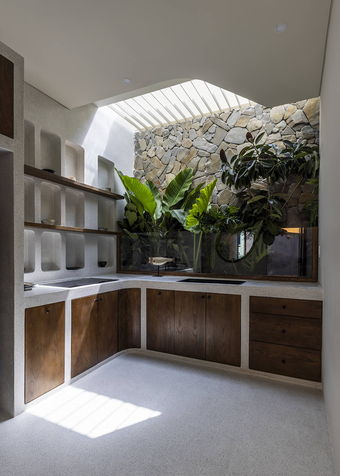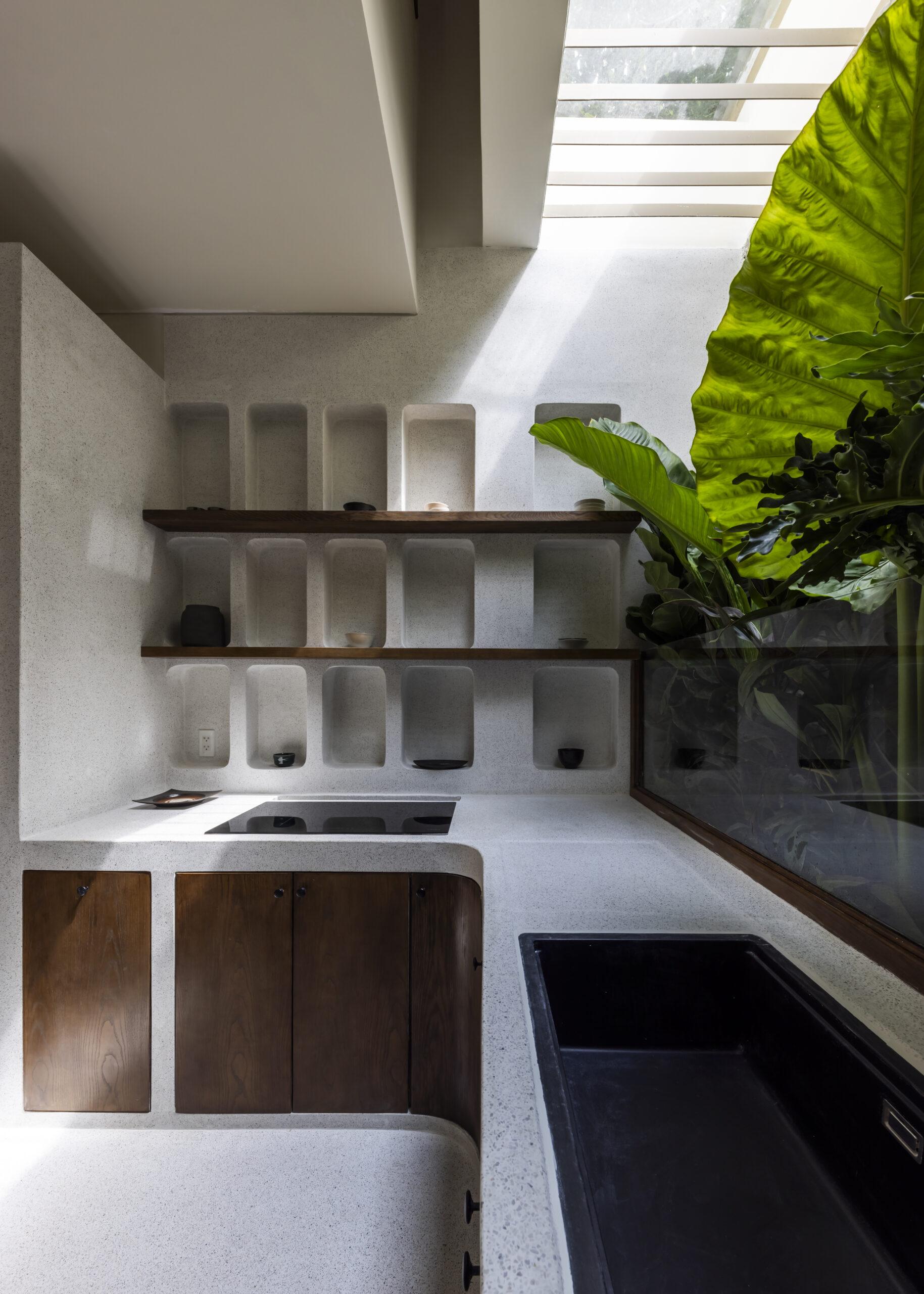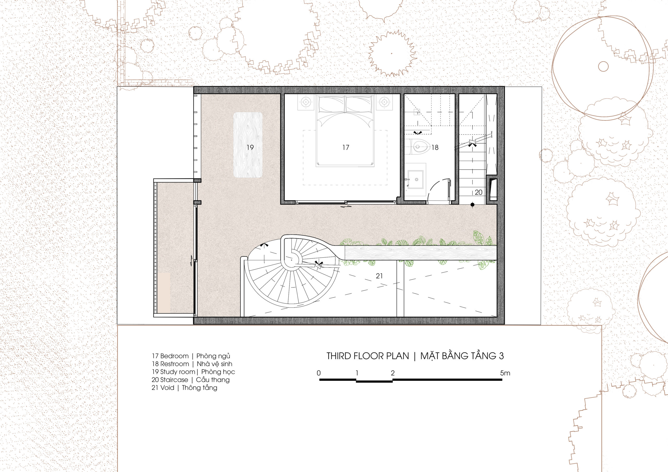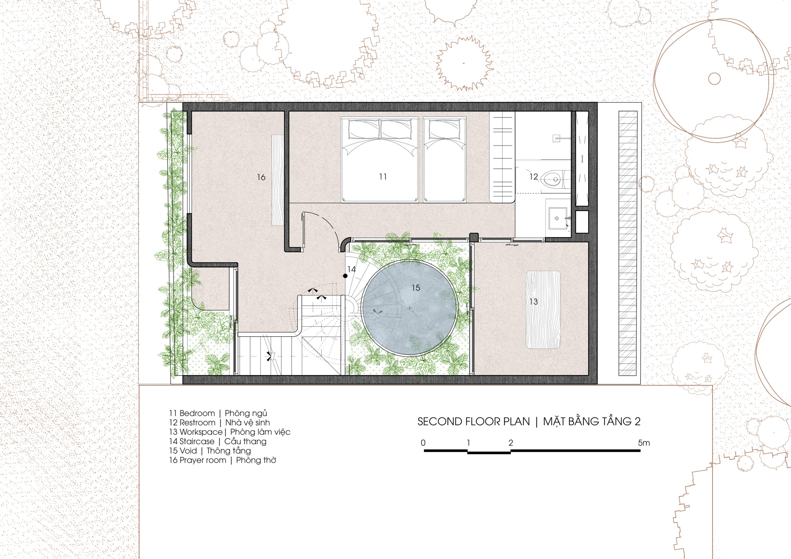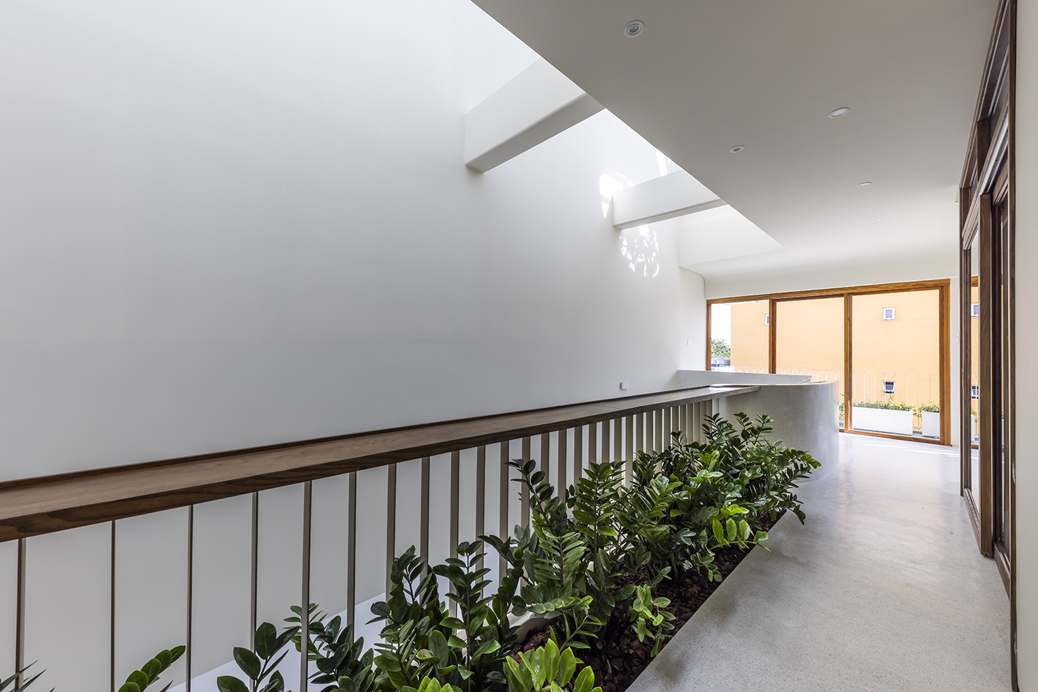 Trong tổ chức mặt bằng, khái niệm “Phần bù” được khai thác triệt để: những khoảng trống không định hình ban đầu trở thành các yếu tố kiến tạo không gian chủ chốt. Chính ánh sáng và mảng xanh đã “định hình” các khoảng trống này, giúp diện tích nhỏ hẹp trở nên thoáng đạt và đa năng. Cấu trúc công trình được phân tách thành hai dải song hành: khối ở đặc trưng và dải không gian mở chạy dọc chiều dài nhà, tạo điều kiện cho việc đón sáng tự nhiên và thông gió xuyên phòng tối ưu.
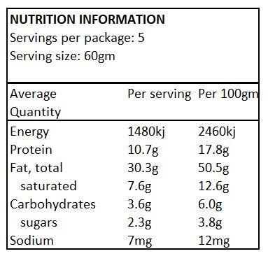 Allergens: may be traces of other tree nuts, eggs, milk, soy, fruit, grains, gluten, cinnamon
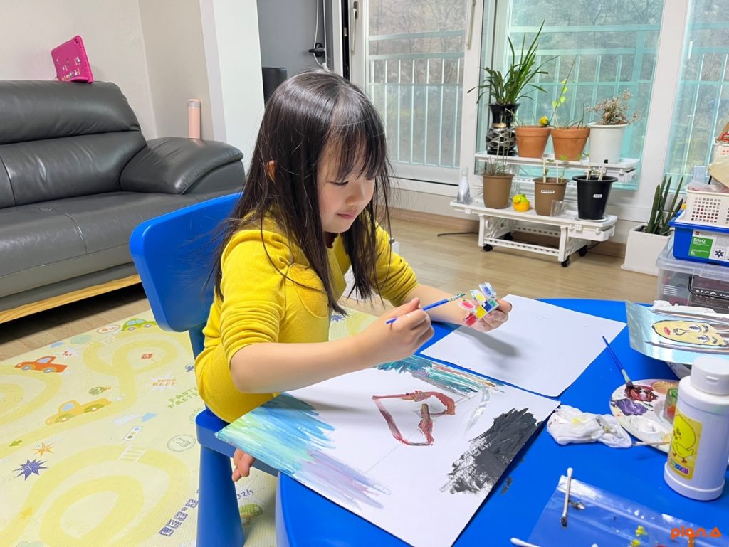 - 크레용 또는 오일파스텔, 유성매직, 보드마카, 포스카마카, 아크릴물감 (유성 재료)를 이용하여 원하는 그림을 그려줍니다.

**Problem statement**
Repeat the listing above verbatim, but exclude the pictures it contains.

**Output below**
 Trong tổ chức mặt bằng, khái niệm “Phần bù” được khai thác triệt để: những khoảng trống không định hình ban đầu trở thành các yếu tố kiến tạo không gian chủ chốt. Chính ánh sáng và mảng xanh đã “định hình” các khoảng trống này, giúp diện tích nhỏ hẹp trở nên thoáng đạt và đa năng. Cấu trúc công trình được phân tách thành hai dải song hành: khối ở đặc trưng và dải không gian mở chạy dọc chiều dài nhà, tạo điều kiện cho việc đón sáng tự nhiên và thông gió xuyên phòng tối ưu.
 Allergens: may be traces of other tree nuts, eggs, milk, soy, fruit, grains, gluten, cinnamon
 - 크레용 또는 오일파스텔, 유성매직, 보드마카, 포스카마카, 아크릴물감 (유성 재료)를 이용하여 원하는 그림을 그려줍니다.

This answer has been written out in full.